Ausflüge an die frische Luft mit Carmen
Inzwischen konnte ich sogar stundenweise im Sessel sitzen.
Ich verbrachte meine Zeit damit, neugierig zu beobachten, was die Pflegekräfte taten, wohlwissend, dass meine Kenntnisse als ehemaliger professioneller Rettungssanitäter mich sehr kritisch bei der Beurteilung der verschiedenen medizinischen Abläufe, der Reihenfolge der Handlungen und der Vorgehensweisen machten.
Nach einigen Tagen wurde die Routine jedoch langweilig und die Zeit verging nur mühsam.
Eines Morgens kam zu meiner großen Überraschung eine Krankenschwester namens Carmen zu mir und schlug vor, nach draußen an die frische Luft zu gehen. Im ersten Moment erschrak ich; der Wechsel von der Intensivstation an die frische Luft war keineswegs selbstverständlich, und ich hatte noch nie von einem Verfahren oder einer Therapie gehört, die einen solchen Schritt vorsah.
Ehrlich gesagt war ich ängstlich: Auf der Intensivstation wurde ich kontrolliert und überwacht, ich hatte das Beatmungsgerät in Reichweite und alles, was mich im Falle eines unvorhergesehenen Ereignisses am Leben erhalten konnte. Aber was würde passieren, wenn mir etwas außerhalb der Intensivstation, ja sogar außerhalb des Krankenhauses zustieße?

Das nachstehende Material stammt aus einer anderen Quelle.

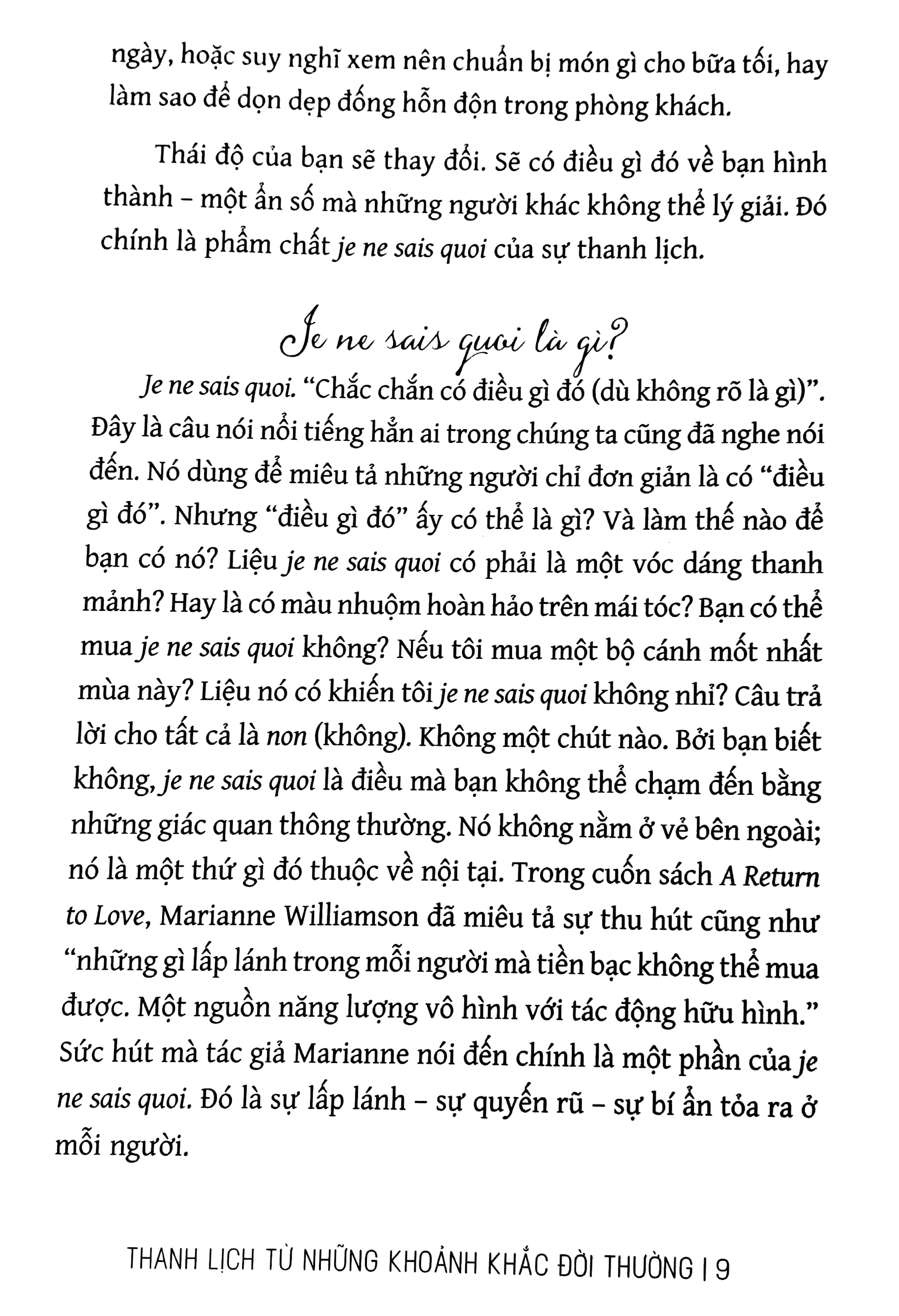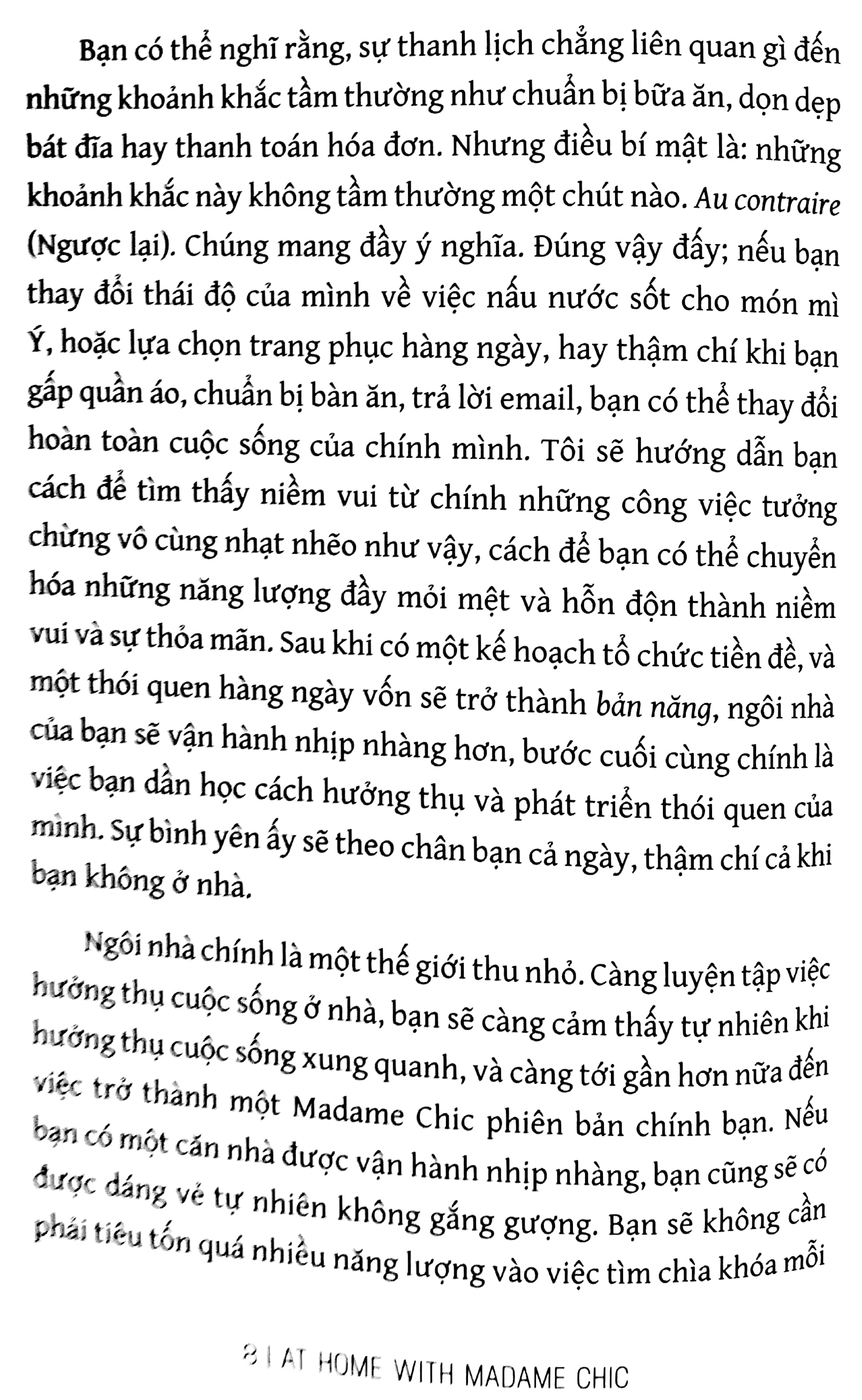 “Bạn có thể nghĩ rằng, sự thanh lịch chẳng liên quan gì đến những khoảnh khắc rất đỗi đời thường như chuẩn bị bữa ăn, dọn dẹp bát đĩa hay thanh toán hóa đơn. Nhưng điều bí mật là: Những khoảnh khắc này không tầm thường một chút nào. Au contraire (Ngược lại). Chúng mang đầy ý nghĩa. Nếu bạn thay đổi thái độ của mình ngay từ những việc nhỏ nhất – bạn có thể thay đổi hoàn toàn cuộc sống của chính mình.”

Carmen beruhigte mich sofort; sie hatte das Oximeter griffbereit, und zudem würden wir die Sauerstoffflasche mitnehmen. Ich hatte Angst, aber ich konnte es kaum erwarten, meine Nase nach draußen zu strecken und die Frische und Temperatur der Außenluft zu spüren und vielleicht sogar einige Düfte wahrzunehmen.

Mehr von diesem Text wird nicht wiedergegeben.